Christine Sinclair a remporté l'or olympique avec le Canada à Yokohama.
L'attaquante a réalisé un rêve vieux de plus de 20 ans.
Elle évoque l'évolution de son rôle.
L'attente a &t& longue : 21 ans, 4 mois et 26 jours. Mais pour Christine Sinclair, chacun de ces 7 818 jours écoulés depuis ses débuts en mars 2000, jusqu'à remporter une médaille d'or sur la scène mondiale, en valait la peine. "Elle est même plus jolie que le bronze", rit l'attaquante de 38 ans en contemplant sa nouvelle médaille. "Et honnêtement, je ne peux pas croire que c'est vraiment arrivé. Je suis complètement dépassée."
"Quand j'ai commencé à jouer avec l'équipe nationale, les États-Unis nous battaient 9-0. C'était la norme. Alors faire partie d'un groupe qui s'est hissé sur la première marche du podium… Je pensais vraiment que ça n'allait jamais m'arriver."

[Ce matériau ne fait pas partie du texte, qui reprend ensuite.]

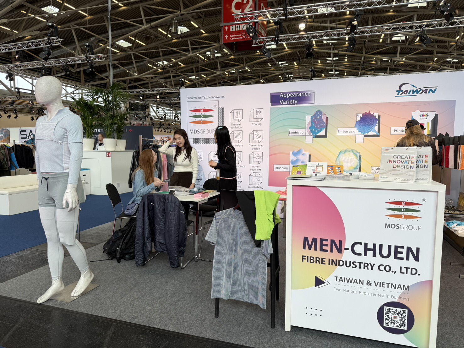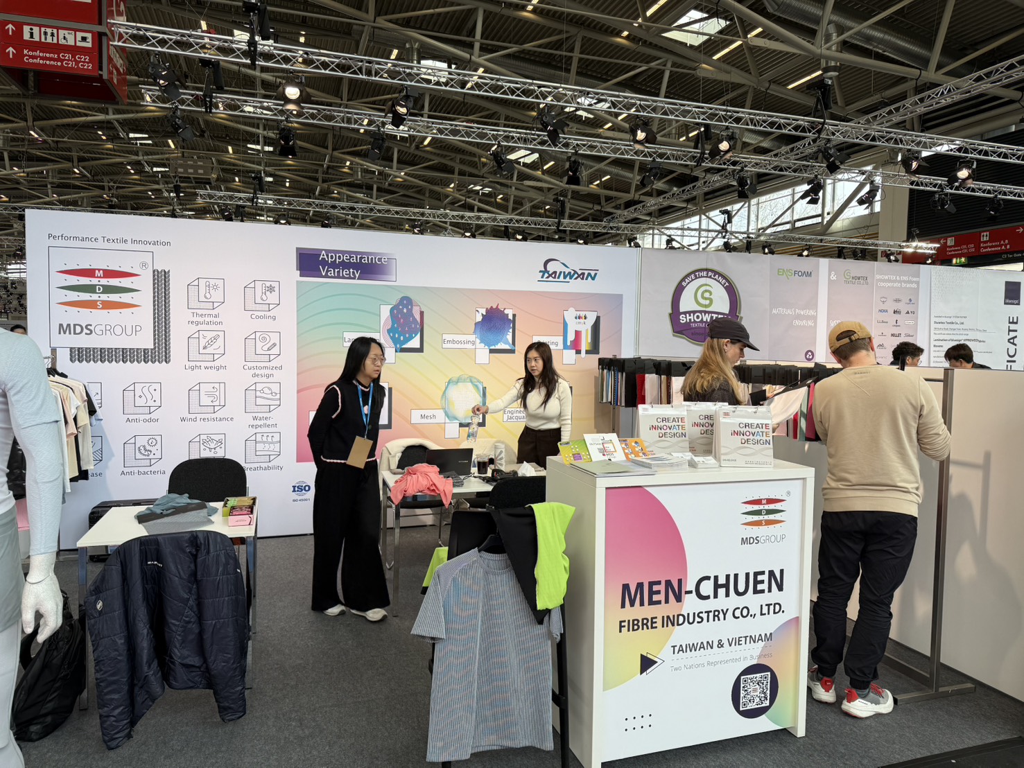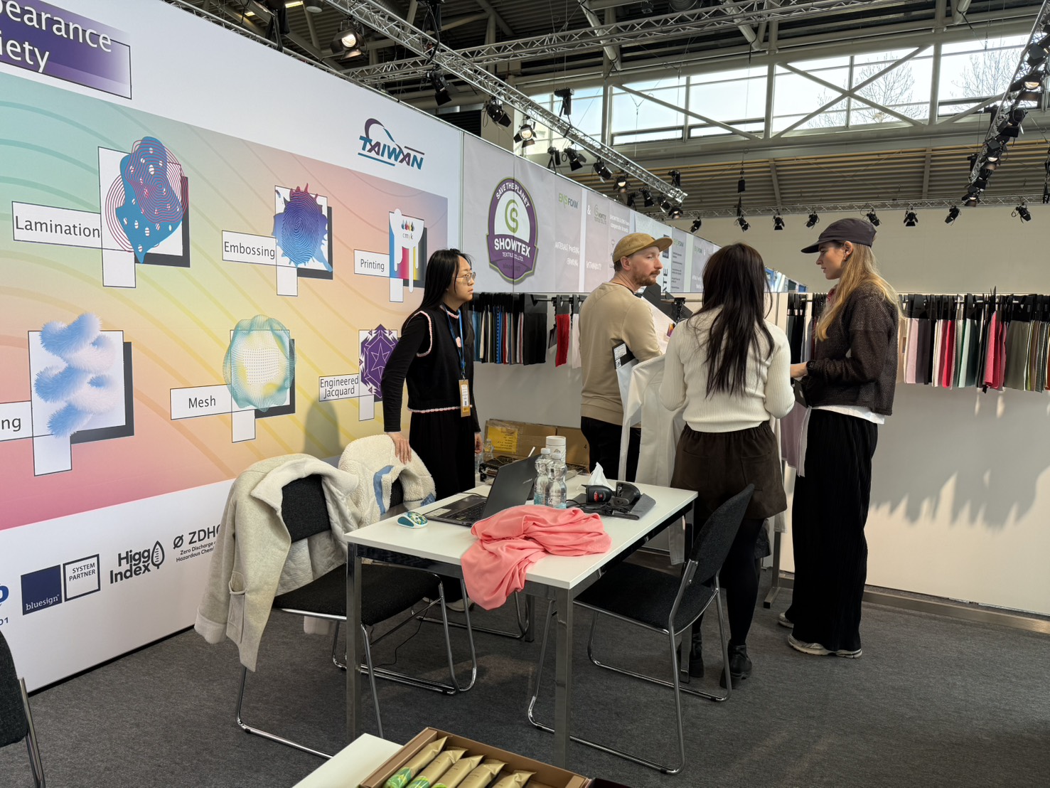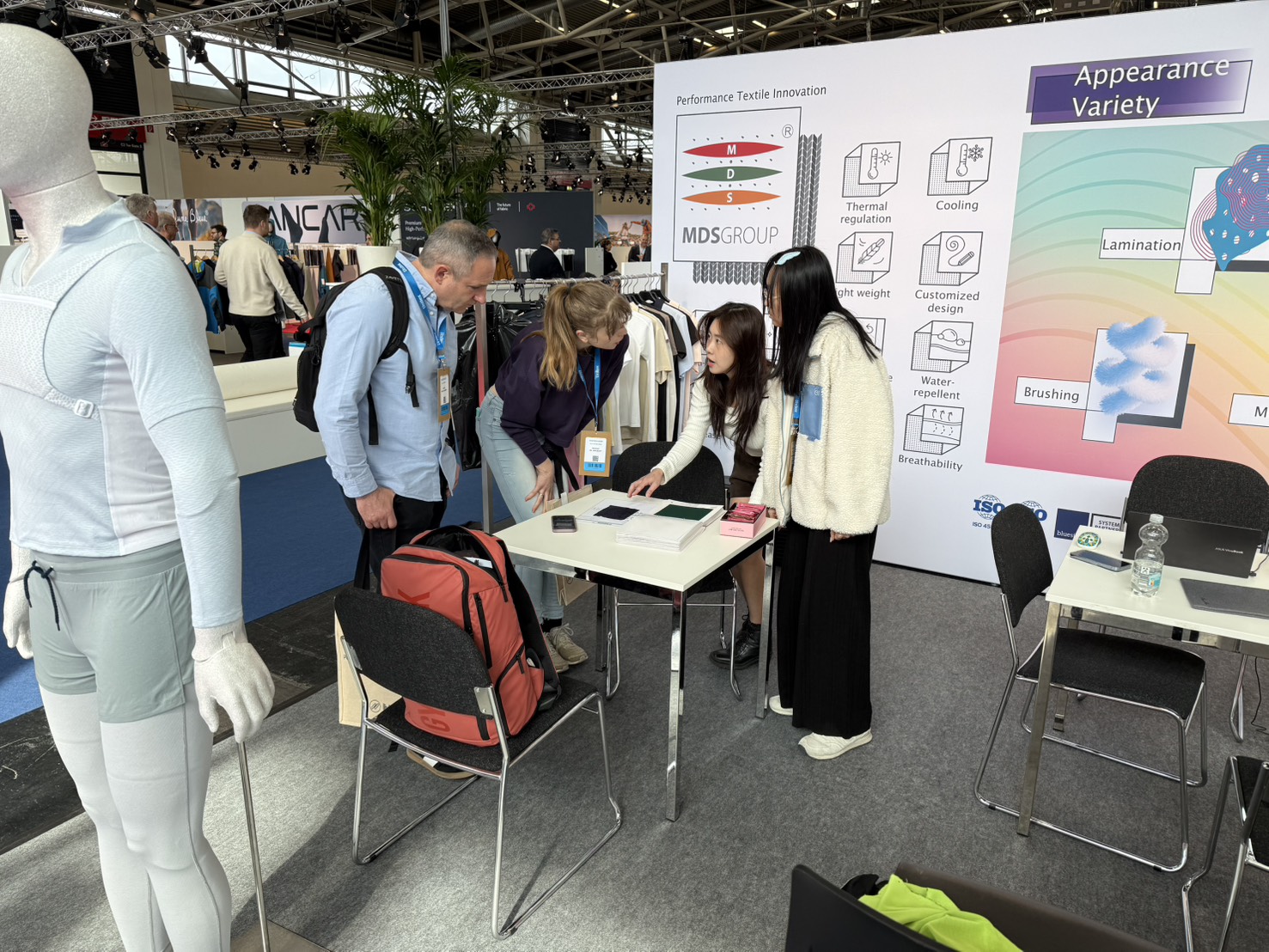 We presented the complex functionalities and structural design of light-weight micro-channel fabrics during Performance Day Munich exhibition and discussed the utilization of the fabric during sportswear design, to provide a comfortable balance between fast changing ambience temperatures, empowering improvement and advancement in everyday life and physical activities.

Sinclair n'est pas la seule à avoir ce genre de doute. Et ce qui rend cette récompense en or encore plus savoureuse, c'est la manière dont elle a été obtenue. Il semblait en effet évident que, si le Canada venait à réaliser un coup de maître dans un tel tournoi, ce ne pouvait être que si la meilleure buteuse internationale de l'histoire tenait l'équipe sur ses épaules. Pourtant, Sinclair n'a pas accompli de miracles au Japon. Et elle n'en a même pas eu besoin.
Le fait qu'elle n'ait pas marqué depuis l'entrée en lice de son équipe est en soi révélateur, tout comme son remplacement en finale à l'approche de la prolongation. D'autres joueuses de son calibre auraient sans nul doute protesté à l'idée de passer de la lumière à l'ombre. Sinclair, elle, se satistait de cette transition de joueuse vedette à travailleuse de l'ombre.
"J'ai senti la pression des attentes par le passé, mais pas dans ce groupe", assure-t-elle. "Cet effectif est plein de talent. Maintenant, il me suffit de faire mon travail et d'aider l'équipe le plus possible. Je n'ai pas besoin de me transcender pour que nous gagnions. Et c'est une sensation extraordinaire."
"Je pense que mon expérience reste utile. On a vu hier comment Carli Lloyd et Megan Rapinoe se sont mises en première ligne pour les États-Unis quand ils en ont eu besoin. Mais je veux juste aider mon équipe. Si c'est en dégageant des corners, ça m'est égal. Je veux simplement aider. Je sais que je n'ai rien fait de spécial ce soir. J'ai simplement fait mon travail."
Ce travail inclut notamment d'avoir obtenu le penalty ô combien important qui a permis au Canada d'égaliser et a ouvert la voie vers leur la victoire au bout du suspense. Sinclair a toutefois tenu à attribuer le mérite à d'autres, de l'héroïne des tirs au but Stephanie Labbé à Beverly Priestman, la sélectionneuse qui a conduit les Canucks à ce sacre olympique inespéré.
"Bev a changé l'attitude de cette équipe", explique-t-elle. "J'ai manqué le premier stage avec elle et quand je suis revenue pour le deuxième, je pouvais déjà voir qu'elle avait insufflé un sentiment de conviction, de confiance et de courage que nous n'avions pas auparavant. À présent, nous jouons avec nos forces. Nous pouvons défendre - nous avons une défense de classe mondiale - , et nous avons des coureuses de 100 mètres devant. Bev a apporté cela à notre équipe."
Sinclair ne pouvait tout de même pas espérer quitter Yokohama en toute discrétion, sans que la lumière des projecteurs ne se tourne un instant vers elle. Inévitablement, la question devait lui être posée : "Et maintenant ?"
Quand une légende du football réalise le rêve derrière lequel elle courait depuis plus de deux décennies, il serait tout naturel d'envisager de tirer sa révérence après avoir atteint les sommets. "Ne me demandez pas ça", coupe-t-elle dans un sourire. "Laissez-moi au moins savourer la tournée de la victoire. "Je me suis promis avant le tournoi que, quoi qu'il arrive ici, je ne prendrai pas de décision sur le coup de la joie ou de la tristesse. Et je compte m'y tenir. Et qui sait ? Il y a une Coupe du Monde dans pas longtemps, donc on verra…" Imaginer Sinclair en Australie et en Nouvelle-Zélande dans deux ans n'a donc rien d'irréaliste. Mais qu'elle continue à jouer ou qu'elle raccroche ses crampons, la plus grande joueuse canadienne de l'histoire peut désormais prendre sa décision avec un statut de médaillée d'or on ne peut plus mérité.